Wallie ordered him to a seat and for some time they gorged in silence. Wallie was astounded at how much he ate, but he was a big man now and had starved for days. Nnanji, as the model adolescent, matched him bite for bite; there were advantages to being vassal to a Seventh. By the time they slowed down and started up a conversation, there was not much left.
"That's a little better than the jail."
"And a lot better than the juniors' mess!"
They laughed together, and Wallie rose.
"I am going to sleep until morning," he announced, "but whether tomorrow morning or the day after, I am not sure. At least one of those doors must stay bolted, because my little god might be a bit annoyed if I let his sword get stolen. If you like, I can let you out now, and you can go and prowl somewhere, then sleep in the outer room. Please yourself."
It was early yet for sleep, but Nnanji could not bring himself to leave. Perhaps he was frightened Wallie would disappear like a dream.
Wallie laid his sword on the bed, piled up some pillows, and lay back, sinking into the mattress.
"Feather bed! Softer than the jail floor!" Then, because he wanted his companion to do the talking, he said, "Tell me about Wild Ani?"
Nnanji blushed again. "One of the barracks women, my liege. A slave. She's huge and ugly and tough as an old ox. Boobs like meal sacks, one eye gone. She makes bets that no man can rape her, no holds barre
d, and claims a perfect record." He giggled. "They say that some men lost more than they thought they were betting..."
"The girl of my dreams," Wallie said sleepily. "And the scratchers?"
"It's a tradition. We... the Seconds tell them that they have to prove their manhood. Every scratcher spends his first night with Wild Ani." He giggled again. "That was why I didn't hear the rest of the ballad."
"You don't need to tell me."
"It's all right," Nnanji said unashamedly. "She's a great woman, really. You want a she-dragon, she'll be a she-dragon, rough as you like. But with a scratcher she's patient and sympathetic... and helpful. Well, I mean, I didn't know where to... I mean, what to..." He grinned as the memories came back. Then he saw that his liege lord was already asleep.
††
On one side of the sword seven swordsmen fought with seven mythical beasts; on the other the same beasts were being fed, ridden, or comforted by seven maidens. No pose was repeated exactly, and even the expressions on the faces were distinct. Wallie could not guess how lines of such delicacy and artistry could have been inscribed in so hard a material.
The barracks was silent yet, and dawn was still drawing breath in the east, preparing to proclaim the day with fanfares of light. An anonymous blanket bundle lying across the doorway showed how a certain vassal's romantic ideas of duty had outweighed the attractions of a bed. A hank of red hair protruded at one end.

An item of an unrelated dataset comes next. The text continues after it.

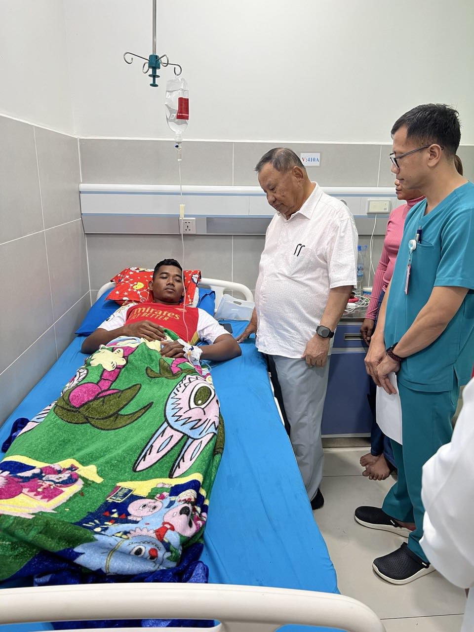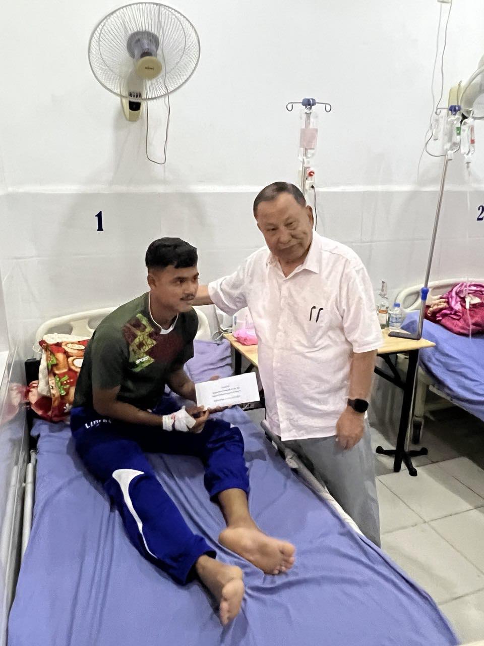 កាលពីល្ងាចថ្ងៃទី១០ ខែធ្នូ ឆ្នាំ២០២៥ សម្តេច វិបុលសេនាភក្តី សាយ ឈុំ អនុប្រធានគណបក្ស ប្រជាជនកម្ពុជា និងជាប្រធានក្រុមការងារគណបក្សចុះមូលដ្ឋានរាជធានីភ្នំពេញ បានអញ្ជើញចុះសាកសួរសុខទុក្ខ វីរយុទ្ធជនសមរភូមិមុខ ដែលទទួលរងរបួស ដោយការវាយប្រហាររបស់កងទ័ពថៃឈ្លានពានទឹកដីកម្ពុជា ហើយកំពុងសម្រាកព្យាបាលនៅមន្ទីរពេទ្យព្រះកេតុមាលា រាជធានីភ្នំពេញ ។
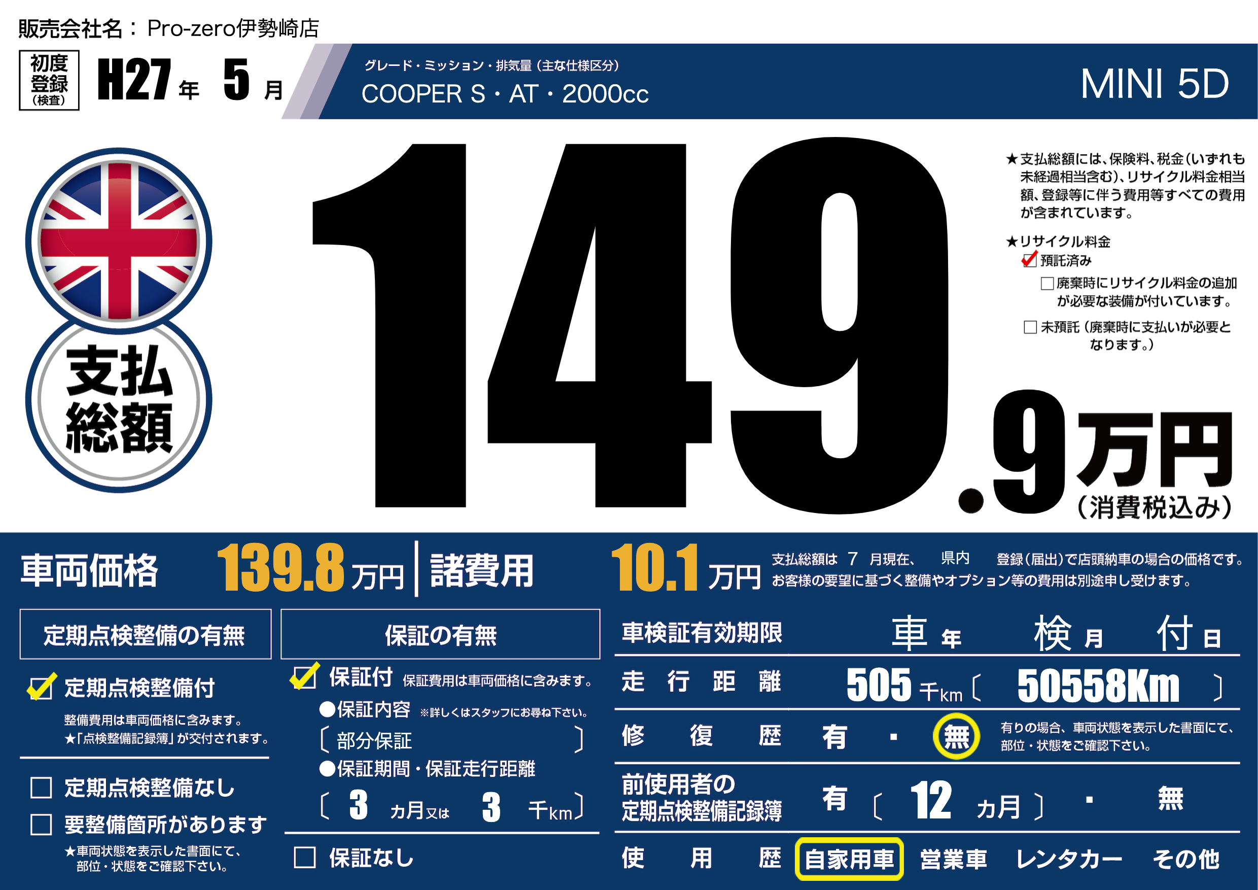 | 走行キロ | 50.5万km | 初年度登録 | H27年5月 |

Wallie was lying in the vast feather bed, examining the god's sword at leisure and periodically wriggling luxuriously. His bruises had faded to the sort of pleasurable ache that can come from too much exercise; the throbbing in his feet was a mere whisper of what it had been. The World was his to enjoy as the demigod had told him. A few days to complete his healing and enlist a couple of good middlerank protégés, then he could be on his way to explore that World, to be valorous and honorable, and to await the revelation of his task. Yesterday he had awakened on slimy stone, facing sentence of death; today he floated in luxury and reveled in power and freedom.